## Source records
++++++++++

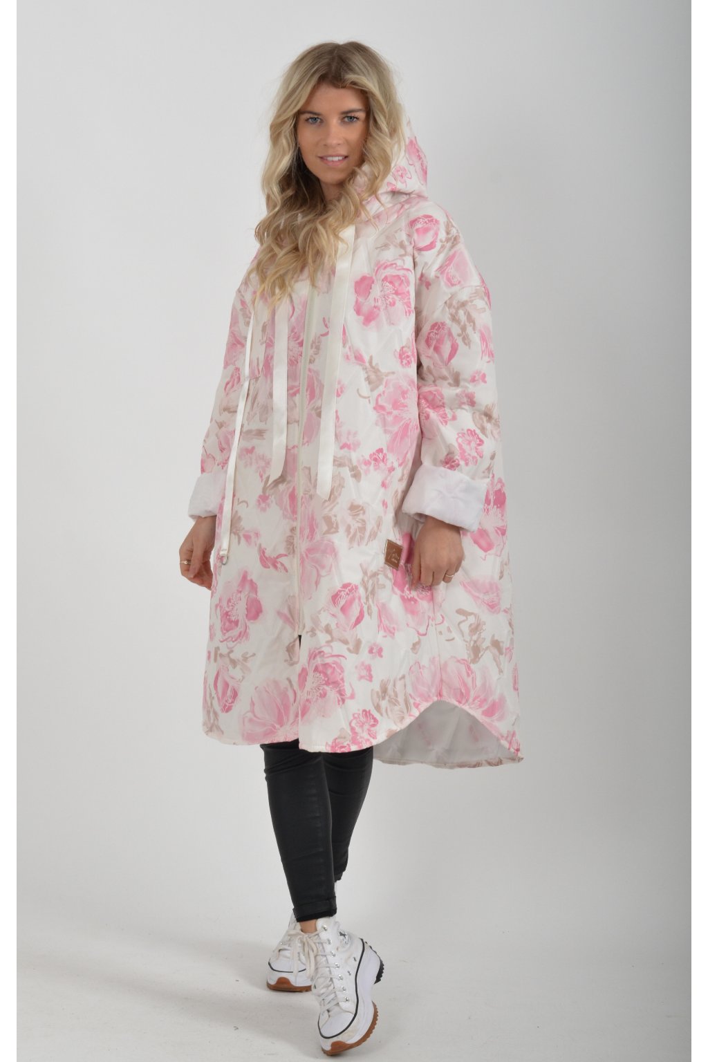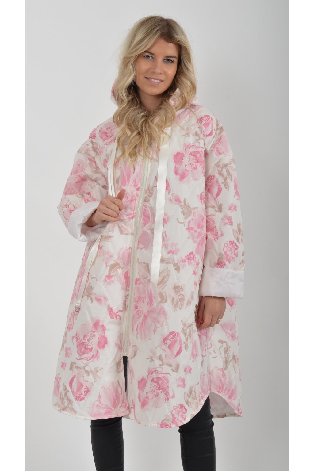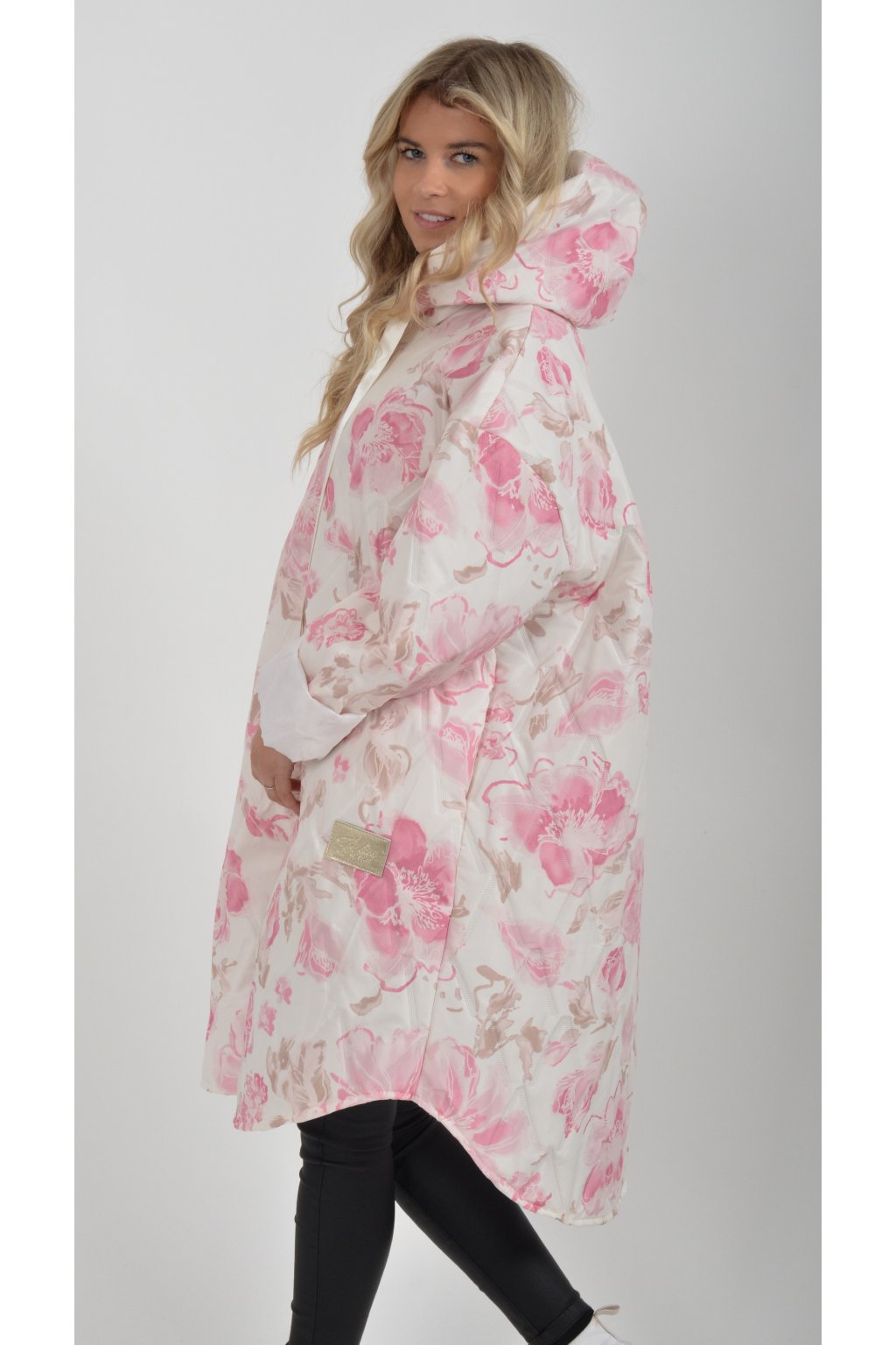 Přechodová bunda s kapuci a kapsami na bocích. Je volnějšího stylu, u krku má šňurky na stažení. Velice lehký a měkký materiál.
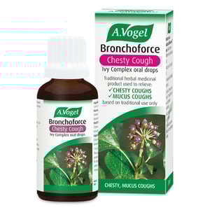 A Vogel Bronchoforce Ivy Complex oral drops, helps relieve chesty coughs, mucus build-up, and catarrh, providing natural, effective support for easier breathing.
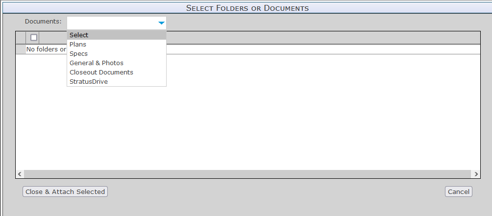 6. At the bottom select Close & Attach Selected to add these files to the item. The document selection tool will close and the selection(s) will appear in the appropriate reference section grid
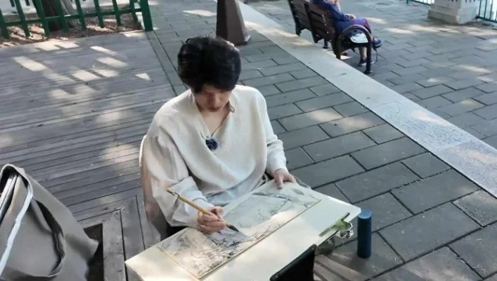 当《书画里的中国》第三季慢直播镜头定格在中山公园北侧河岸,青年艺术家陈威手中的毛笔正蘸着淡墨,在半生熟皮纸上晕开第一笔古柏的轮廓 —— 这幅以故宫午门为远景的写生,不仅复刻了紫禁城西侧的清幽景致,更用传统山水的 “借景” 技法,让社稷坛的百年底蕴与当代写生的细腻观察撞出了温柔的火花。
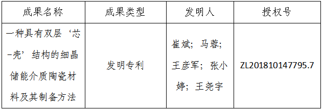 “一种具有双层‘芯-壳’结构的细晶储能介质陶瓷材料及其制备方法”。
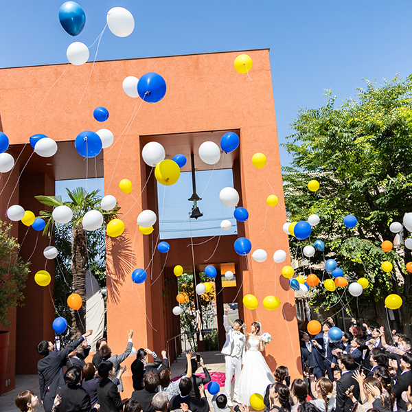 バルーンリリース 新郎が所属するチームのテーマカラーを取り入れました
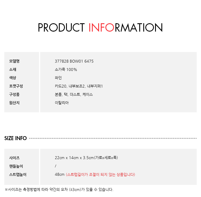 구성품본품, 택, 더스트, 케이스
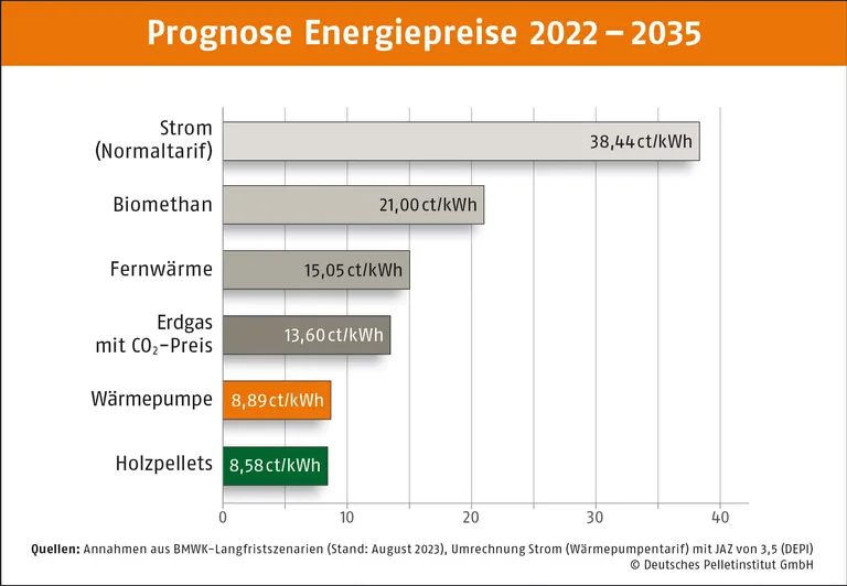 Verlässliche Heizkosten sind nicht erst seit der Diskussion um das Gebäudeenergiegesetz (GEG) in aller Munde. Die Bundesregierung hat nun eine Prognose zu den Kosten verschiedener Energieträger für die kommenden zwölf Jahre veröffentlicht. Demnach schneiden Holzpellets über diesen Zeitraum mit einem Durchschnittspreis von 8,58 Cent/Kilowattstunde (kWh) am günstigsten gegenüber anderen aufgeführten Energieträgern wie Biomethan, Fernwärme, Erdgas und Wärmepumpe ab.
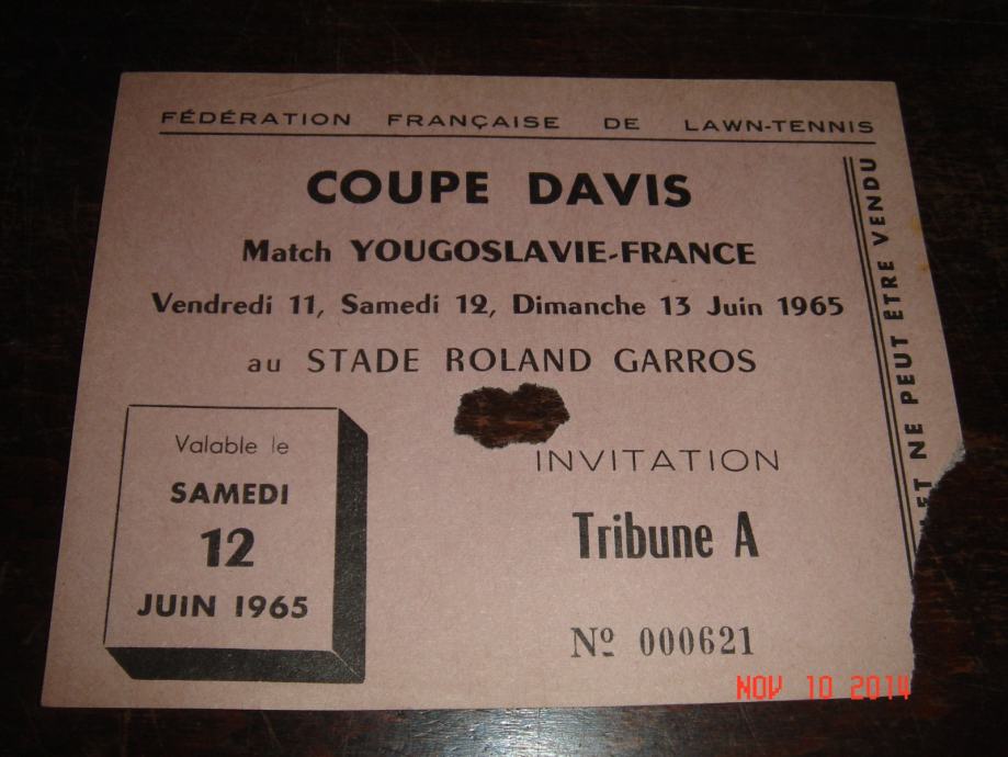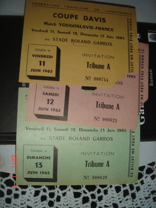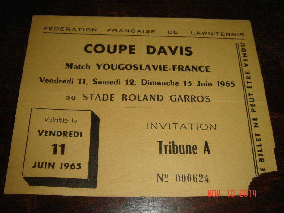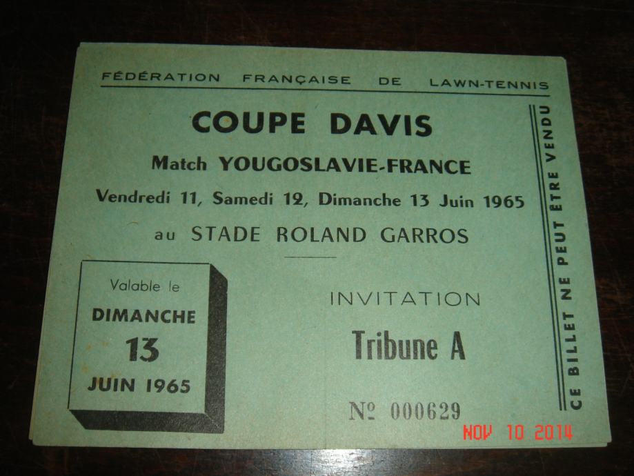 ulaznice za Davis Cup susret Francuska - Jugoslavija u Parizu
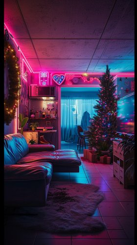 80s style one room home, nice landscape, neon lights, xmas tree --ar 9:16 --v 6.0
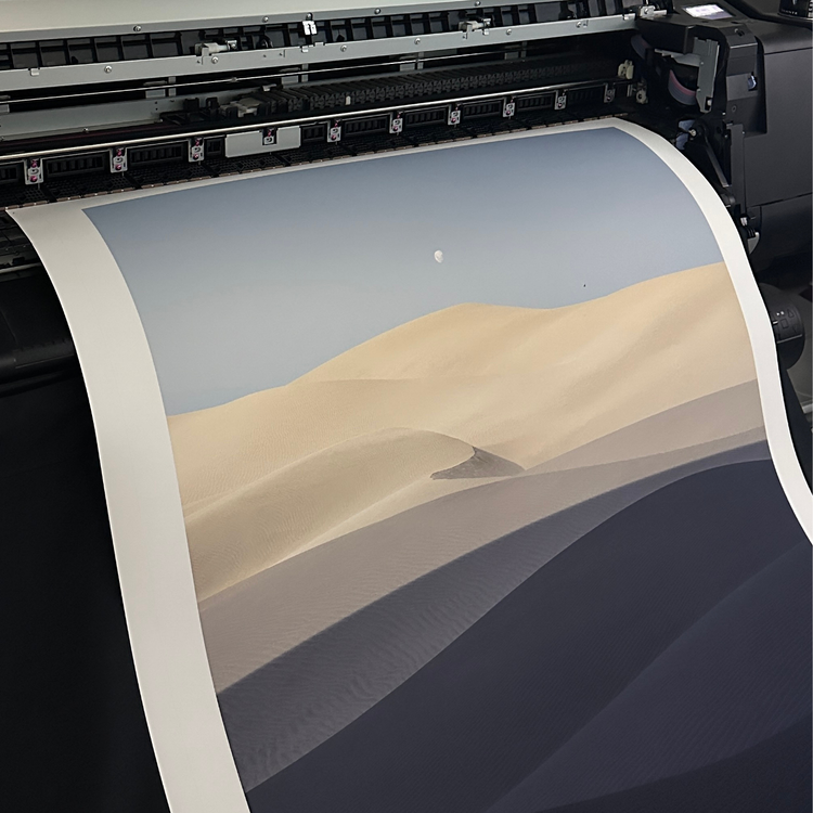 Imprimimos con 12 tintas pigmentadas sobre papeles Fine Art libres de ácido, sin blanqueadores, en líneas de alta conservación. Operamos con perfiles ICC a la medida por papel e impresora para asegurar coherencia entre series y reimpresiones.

++++++++++

## PROBLEM TO SOLVE
Each line from the start of the entries above through the line with "6. At the bottom" should be duplicated exactly, leaving out the pictures.

## ANSWER FOR THIS EXERCISE
 Přechodová bunda s kapuci a kapsami na bocích. Je volnějšího stylu, u krku má šňurky na stažení. Velice lehký a měkký materiál.
 A Vogel Bronchoforce Ivy Complex oral drops, helps relieve chesty coughs, mucus build-up, and catarrh, providing natural, effective support for easier breathing.
 6. At the bottom select Close & Attach Selected to add these files to the item. The document selection tool will close and the selection(s) will appear in the appropriate reference section grid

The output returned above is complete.